Context amplifies separation: Relative magnitude is mostly \(>1\), peaking in middle layers.
Scale-dependent channels: Large models use \(\theta\) (direction) to differentiate context relevance; small models utilize magnitude.
Conflict = Greater Drift: Conflicting context causes larger and more persistent geometric shifts than aligned context.
Geometry vs. Probability: Internal geometric drift does not always map linearly to changes in output token probabilities.
Causal Efficacy: Intervention experiments (steering) confirm that truth vectors remain causally effective in the presence of context.

Highlights & Insights¶

Decomposition into orthogonal metrics: Analyzing direction vs. magnitude is more precise than broad "representation change" claims.
Consistency with layer roles: The three-phase pattern aligns with existing knowledge (early = input processing, middle = semantics, late = prediction), providing a structural description of truth geometry.
Scaling Laws of Geometry: Insights into how intervention strategies might need to differ based on model size (direction-based for large, magnitude-based for small).
Conflict Drift: Late-layer divergence for conflicting context provides geometric evidence for the "memory-head vs. context-head" competition.
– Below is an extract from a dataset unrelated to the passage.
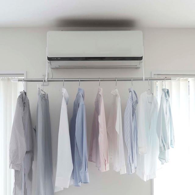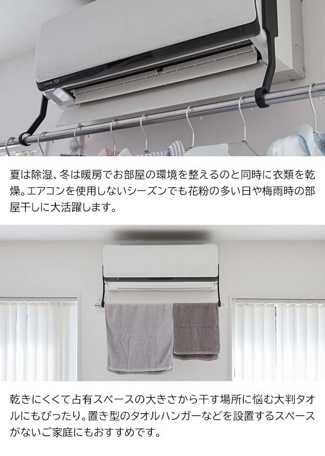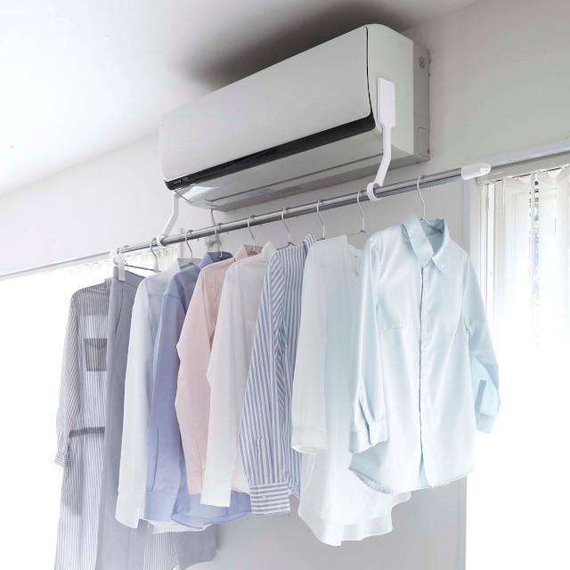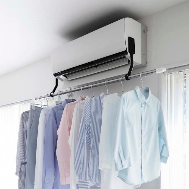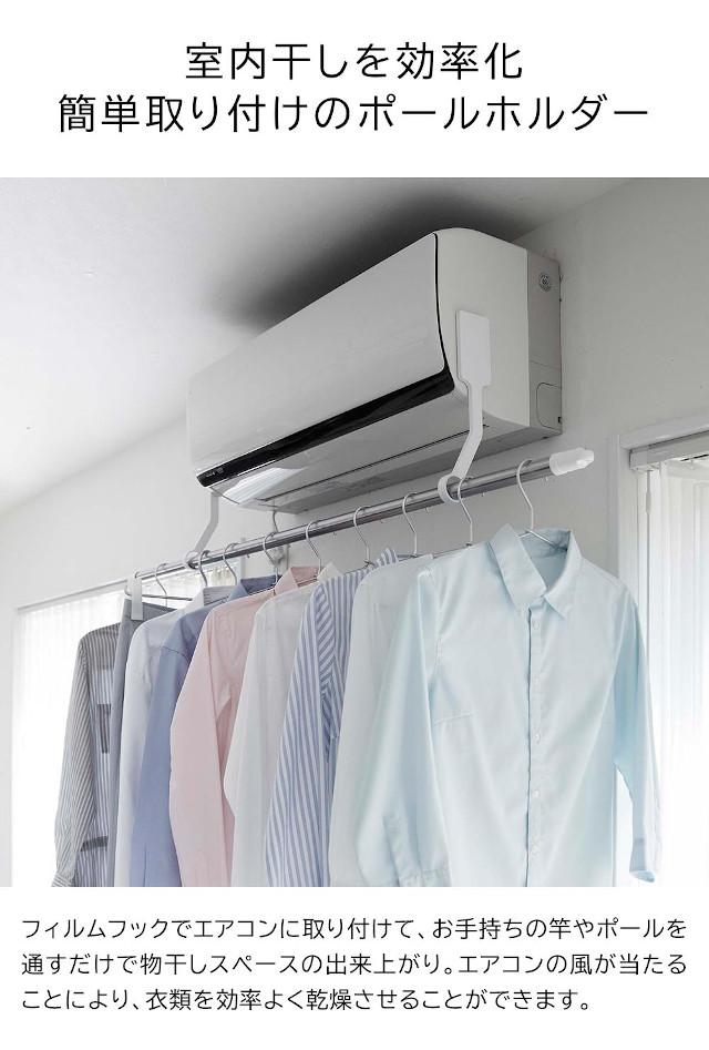 エアコンの風を直接当てて、洗濯物を効率よく乾かすことができる室内物干しポールホルダー。

Limitations & Future Work¶

Analysis is limited to residual streams (post-MLP) at a single position; truth might reside in other sub-layers or token positions.
Truth is assumed to be a linear vector; if it is a 2D subspace, single-vector metrics may lose information.
Findings are largely observational; the link between geometric drift and behavioral change (output probability) requires more causal mapping.
The model scale is limited (3B–12B). The "direction vs. magnitude" scaling hypothesis requires verification on ultra-large models (70B+).

vs. CCS / ITI: These utilize context-free truth directions; this work adds a dynamic perspective on how context transforms these directions.
vs. Bao et al. (2025): While they test probe transfer, this work directly measures the underlying geometric transformation.
vs. Knowledge Conflict Detection: This work provides complementary evidence from the perspective of representation drift, showing how conflict causes greater geometric divergence.

Rating¶

Novelty: ⭐⭐⭐⭐⭐ (Systematic decomposition into direction/magnitude for context-induced changes is novel.)
Experimental Thoroughness: ⭐⭐⭐⭐ (Solid across multiple models/datasets with statistical significance; could benefit from larger models.)
Writing Quality: ⭐⭐⭐⭐ (Clear definitions and intuitive three-phase narrative.)
Value: ⭐⭐⭐⭐ (Practical implications for RAG/ICL and context-aware interpretability.)